The function glue_to_one_picture glues the 16 patches into one 4X4 image (PAB97).

In [None]:
def glue_to_one_picture(image_patches, window_size=200, k=16):
    side = int(np.sqrt(k))
    image = np.zeros((side*window_size, side*window_size, 3), dtype=np.int16)
        
    for i, patch in image_patches.items():
        x = i // side
        y = i % side
        image[
            x * window_size : (x+1) * window_size,
            y * window_size : (y+1) * window_size,
            :
        ] = patch
    
    return image

In [None]:
WINDOW_SIZE = 128
STRIDE = 64
K = 16

The get_i function takes the original image of the biopsy and prepares the image for training.

In [None]:
def get_i(image):
    for i, img in enumerate(image):
        url = data_dir + img + '.tiff'
        enhanced_image = enhance_image (url)
        image, best_coordinates, best_regions = generate_patches(enhanced_image, window_size=WINDOW_SIZE, stride=STRIDE, k=K)
        glued_image = glue_to_one_picture(best_regions, window_size=WINDOW_SIZE, k=K)
        glued_image = np.uint8(glued_image)
        return tensor(glued_image)

# Preparing for Training

This part of the code prepares the images for training.  The images are properly labeled.  A batch of images are shown to make sure everything is working properly.

In [None]:
blocks = (
          ImageBlock,
          CategoryBlock
          )    
getters = [
           get_i,
           ColReader('isup_grade')
          ]
trends = DataBlock(blocks=blocks,
              splitter=RandomSplitter(),
              getters=getters,
              item_tfms=Resize(512),
              )

In [None]:
dls = trends.dataloaders(train_df, bs=16)

In [None]:
dls.show_batch()

# Checkpoints Directory

This creates a checkpoint directory for ResNet34 and copies the model to the directory.

In [None]:
Path('/root/.cache/torch/checkpoints/').mkdir(exist_ok=True, parents=True)
!cp '../input/resnet34/resnet34.pth' '/root/.cache/torch/checkpoints/resnet34-333f7ec4.pth'

# Train the Model using ResNet34 and fast.ai

In [None]:
learn = cnn_learner(dls, resnet34, metrics=error_rate)

In [None]:
torch.cuda.is_available()

In [None]:
learn.unfreeze()

In [None]:
learn.fit_one_cycle(3)

# Create .pkl File

In [None]:
learn.export ('test.pkl')

# Works Cited

PAB97. “Better image tiles - Removing white spaces.” Kaggle, 22 May 2020, www.kaggle.com/rftexas/better-image-tiles-removing-white-spaces.

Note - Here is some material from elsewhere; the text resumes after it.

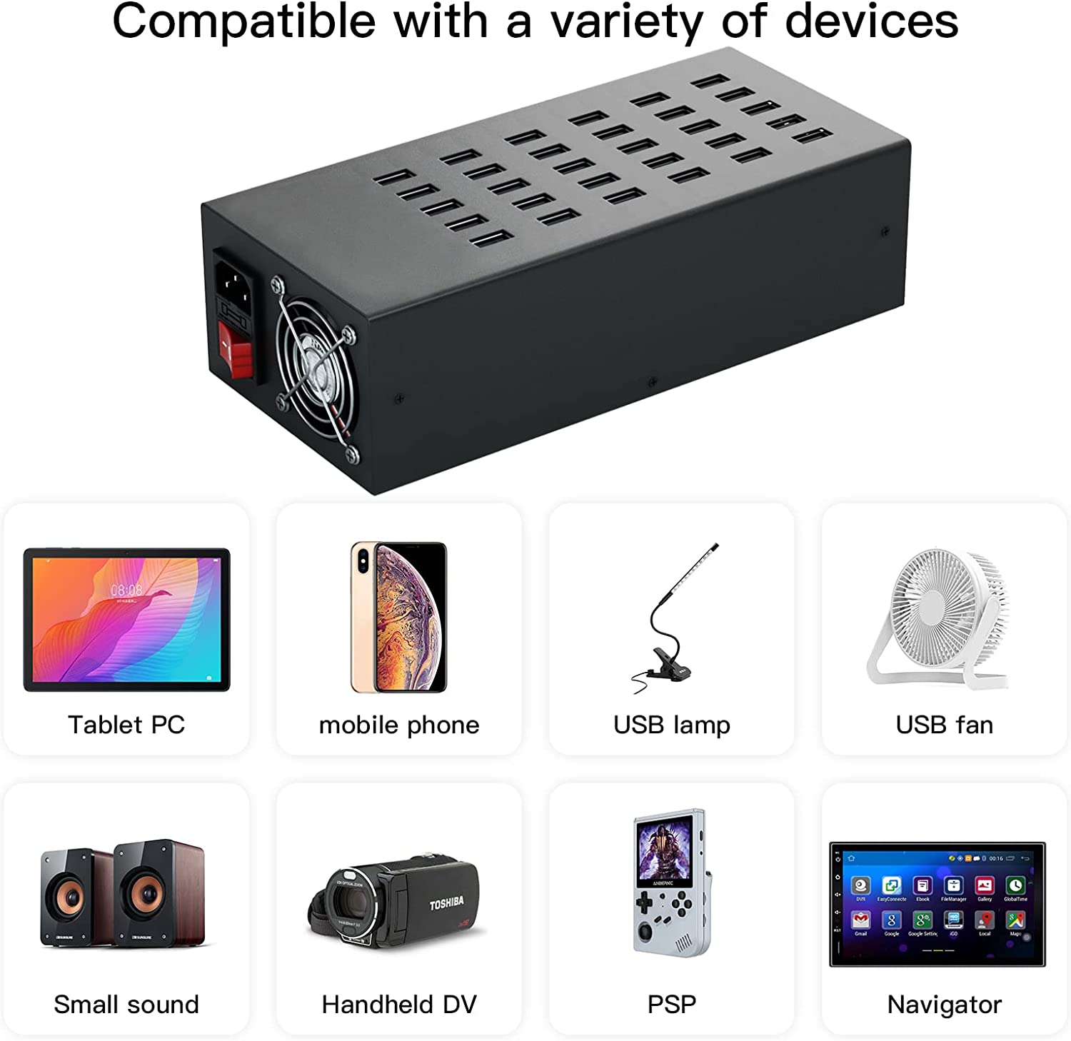 Charging Station for Multiple Devices, 30 Port 300W USB Charging Station, 30-in-1 USB Charging Hub, Multiple USB Charging Station for iPhone, iPad, Samsung, Tablets, and Other Electronics

“Prostate CANcer GraDe Assessment (PANDA) Challenge.” Kaggle, www.kaggle.com/c/prostate-cancer-grade-assessment/overview/description.

rmicrobe. “Creating Training Dataset.” Kaggle, 3 March 2021, www.kaggle.com/rmicrobe/creating-training-dataset.

rmicrobe. “Microanatomy of the Prostate.” Kaggle, 11 June 2020, www.kaggle.com/rmicrobe/microanatomy-of-the-prostate.

Zenify. “Let's Enhance the Images!” Kaggle, 03 May 2020, www.kaggle.com/debanga/let-s-enhance-the-images.